* Recorded information *
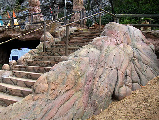 - Kunstfelsentreppe mit 20 Stufen als Aufgang zum Comanchendorf
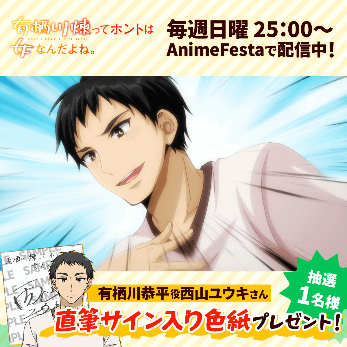 AnimeFesta公式Xアカウント(@AnimeFesta_Info)をフォローし、対象の投稿をリポストしていただいた方の中から抽選で各1名様に、出演キャストの直筆サイン色紙をプレゼントします。本キャンペーンは全6弾。第1弾は有栖川恭平を演じた西山ユウキさんです。
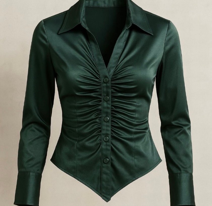 V yaka, düğmeli ve parlak saten kumaştan yapılmış, oturmalı kesim kadın gömlek. Uzun kollu ve normal boyda, ofis için cesur gotik tarzda.

* What needs to be done *
Copy out the listing above in full and keep the pictures out.

* Response for this exercise *
 - Kunstfelsentreppe mit 20 Stufen als Aufgang zum Comanchendorf
 AnimeFesta公式Xアカウント(@AnimeFesta_Info)をフォローし、対象の投稿をリポストしていただいた方の中から抽選で各1名様に、出演キャストの直筆サイン色紙をプレゼントします。本キャンペーンは全6弾。第1弾は有栖川恭平を演じた西山ユウキさんです。
 V yaka, düğmeli ve parlak saten kumaştan yapılmış, oturmalı kesim kadın gömlek. Uzun kollu ve normal boyda, ofis için cesur gotik tarzda.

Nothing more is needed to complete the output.